The testcase should use *.ll format but then I could not make it use LLD LTO.

Diff Detail

Event Timeline

jankratochvil created this revision.Apr 3 2021, 5:59 PM
jankratochvil requested review of this revision.Apr 3 2021, 5:59 PM

Yeah, that looks like it breaks the unattached-global.ll because this causes a DW_AT_location to be added (probably with some kind of broken/empty expression) for a variable without a location/that's been optimized away.

How's the index behavior compare to GCC's debug_names behavior under similar circumstances?
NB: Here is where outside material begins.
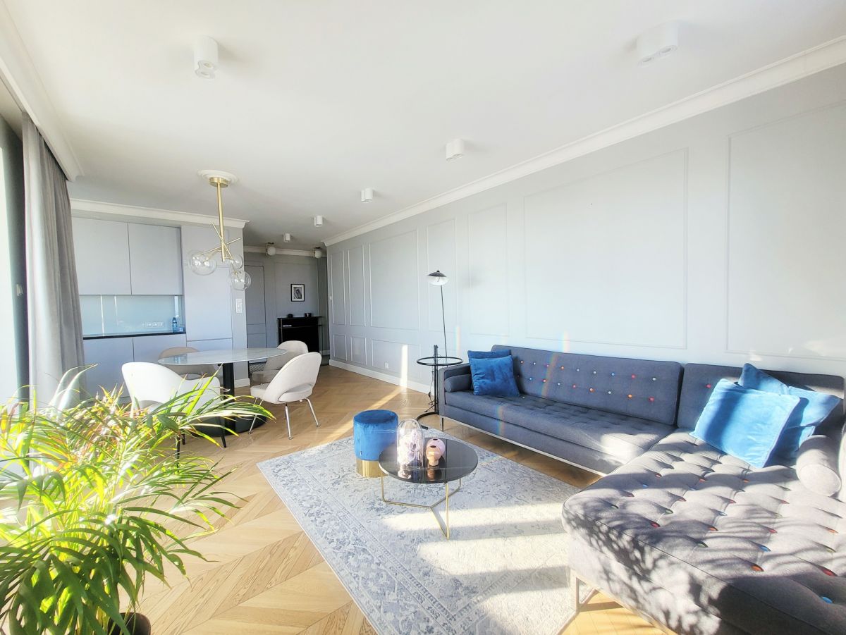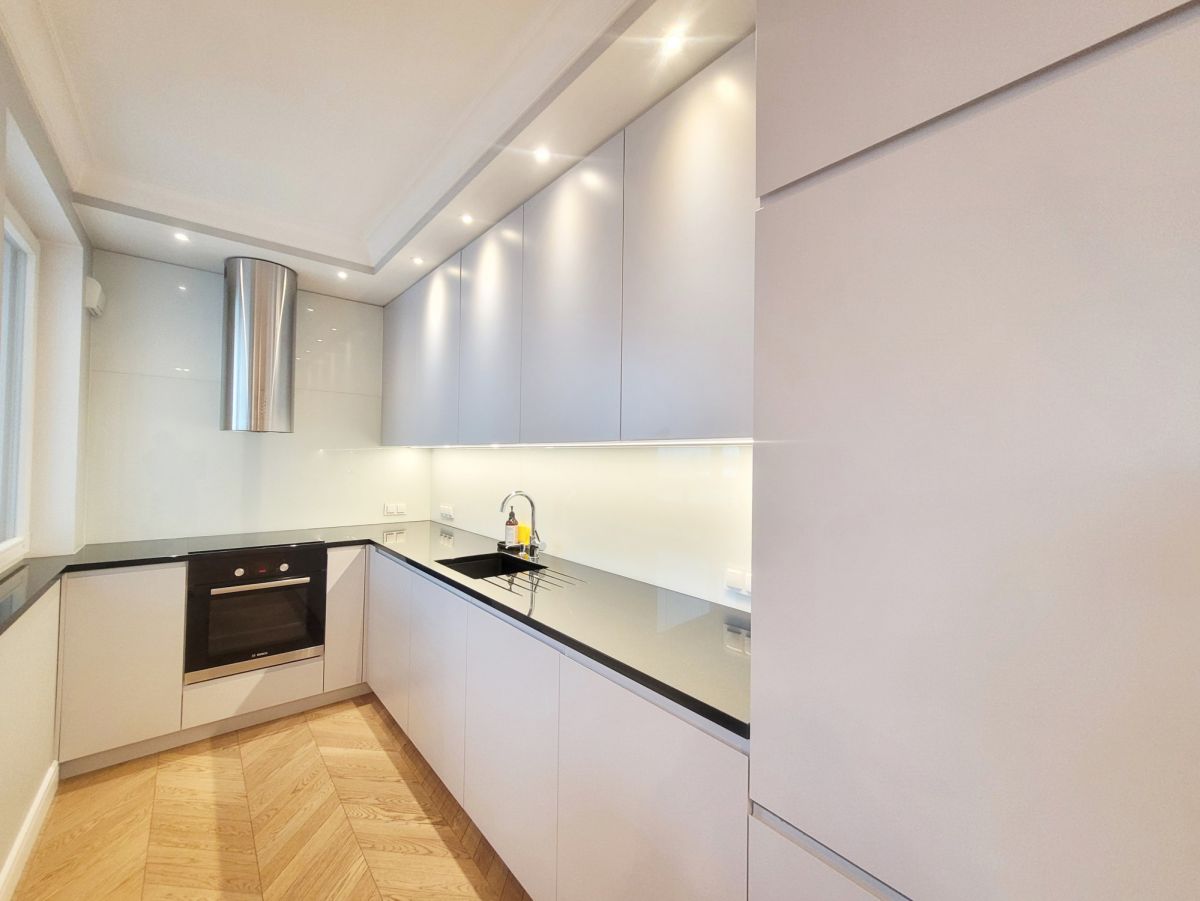 Do wynajęcia od zaraz eleganckie mieszkanie dwupokojowe z otwartą widną kuchnią, które zostało urządzone w nowoczesnej klasycznej stylistyce wraz z przynależną loggią o powierzchni ok 7m2. Do dyspozycji najemcy jest jedno miejsce parkingowe w garażu podziemnym i komórka lokatorska ok 4m2, które są wliczone w cenę najmu. Mieszkanie jest kompletnie umeblowane i bogato wyposażone. Widna kuchnia częściowo otwarta na salon, która jest zabudowana meblami na wymiar wraz z AGD firmy Bosch w zabudowie (duża zmywaka 65 cm). Mieszkanie jest wykończone w spójnym stylu, wysokim standardzie z dbałością o najlepszą jakość użytych materiałów i praktyczną funkcjonalność.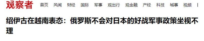 值得一提的是,在越南访问的俄安全会议秘书绍伊古,不忘点名日本,之前日本与中方因台湾问题交恶后,俄方的表态还算克制,如今日本与北约勾搭上了,一下子让俄方怒火中烧。

Or llvm's behavior with a static (file-local) variable that's similarly optimized away?

jankratochvil planned changes to this revision.EditedApr 4 2021, 3:28 PM

Yeah, that looks like it breaks the unattached-global.ll because this causes a DW_AT_location to be added (probably with some kind of broken/empty expression) for a variable without a location/that's been optimized away.

I did not expect that but IMO unattached-global.ll is wrong (since its inception in D20147):

!4 = !DIExpression(DW_OP_plus_uconst, 4)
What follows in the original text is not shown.